2.      Myth: We can have a strong military and fight whatever wars we need to fight, keep taxes low and still have enough left over for education, infrastructure and research needed to grow our economy. Truth: Economists call the conundrum “guns and butter,” but we fought two wars – in Iraq and Afghanistan – while cutting taxes and maintaining our spending levels on other programs with little or no change. The Clinton budgetary surplus rapidly became the Bush-era militarily-induced budget deficits, and when the economy collapsed, we went from bad to worse. We cannot support our military at remotely near current levels without a whole lot more in taxes and/or a massive reduction in our spending everywhere else. To exclude the military from long-term downsizing – especially after we have stopped two wars – is no longer realistic.

3.      Myth: Cut taxes for the rich and jobs will spring up. Truth: The rich didn’t get that way by being stupid, and they most certainly aren’t going to waste any fresh new cash on hiring people to produce goods and provide services in the absence of clear and sustainable consumer demand. There is little indication from corporate America of any major shift to massive new hiring until economic vectors unequivocally indicate sustainable consumer demand. In fact, many companies are contemplating another round of job cuts unless they see a new trend in consumer confidence, which is teetering on the fence (and shifting from side to side at any given moment). In short, this tax incentive is only good for the folks who get the reduction… and no one else.

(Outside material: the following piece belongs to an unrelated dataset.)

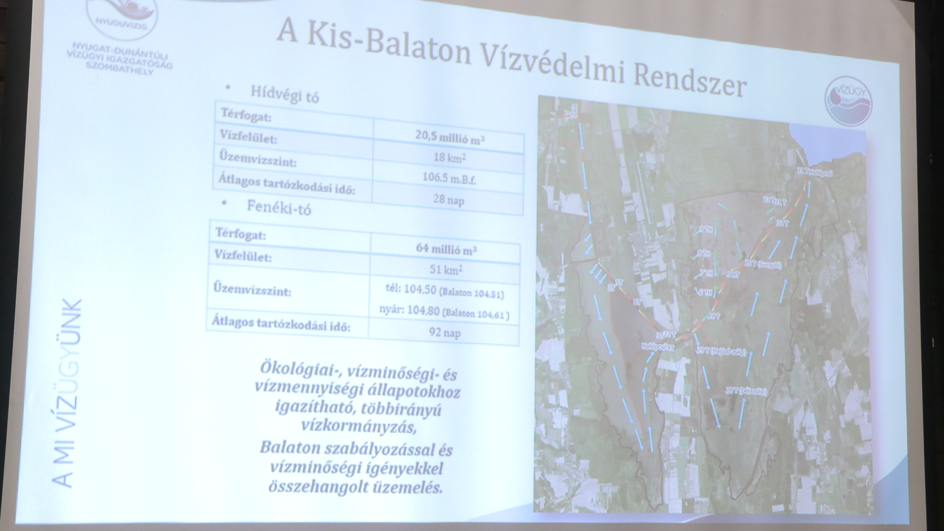 Egy tájékoztató előadás keretében egy olyan kutatás eredményét ismertették a környékbeli polgármesterekkel, ami a Vízvédelmi Rendszer üzemeltetési és karbantartási stratégiájának tervét tartalmazza. A „Víztudományi és Vízbiztonság Laboratórium” címet viselő főprojekt alprojektjének keretében kutatóintézetekkel és tudományos körökkel együttműködve végeztek feltárásokat, elemezték a negyven éves adatsorokat és talajtani térképeket hoztak létre. Busa Tamás, a Nyugat-dunántúli Vízügyi Igazgatóság műszaki igazgató-helyettese elmondta: "Nagyon sok tématerületet felölelt a vízzel kapcsolatban: folyóvizek, állóvizek, vizes élőhelyek, vízminőségi kérdések, a vízkörforgással kapcsolatos, a vízkörforgás elemeivel kapcsolatos kutatási elemeket. Nagy kutatóintézetek, Pannon Egyetem, Műszaki Egyetem, Budapesti Műszaki Egyetem benne volt."

4.      Myth: We need to cut the deficit even if the necessary austerity sinks us back into a recession. Truth: While cutting deficits is necessary, the more meaningful analysis is the ratio of gross domestic product (GDP) to debt. If the debt levels sink, but GPD falls even more, that ratio can actually create a substantially worse situation and negate the value of the debt reduction. Such is the case in Europe, where the most impaired countries are sinking into abysmal economic conditions even as they reduce their expenditures and impose austerity measures, because even with lower debt levels, their GDP has tanked so badly that they are even in worse condition than they were with unsustainable debt. We’ve seen waves of protests in Europe – turning against the German obsession with imposing austerity measures against inflationary trends even if recession or worse is the price – all across the continent. And the only news they have is bad: “Countries such as Greece that have been bailed out by international lenders continue to see their economies shrink. Meanwhile larger economies such as Spain have imposed spending cuts in an attempt to avoid having to ask for a bailout….The eurozone has returned to recession as the region's debt crisis continues to hurt demand, figures show… The economy of the 17-nation bloc contracted by 0.1% between July and September, after shrinking 0.2% in the previous three months. BBC.co.uk, November 15th. Think our leaders are learning anything from the European experience?
We need to get real and stay real. There are no simplistic answers to complex economic woes, and since the world is hardly static and profoundly interdependent, constant change requires constant economic readjustment. What is lacking is the political will to face harsh truth combined with the inability of politicians to explain (understand?) the issues sufficiently to their constituency. Sloganeering is so much easier.
I’m Peter Dekom, and repeating untruths… no matter how many times we try… does not make them truths.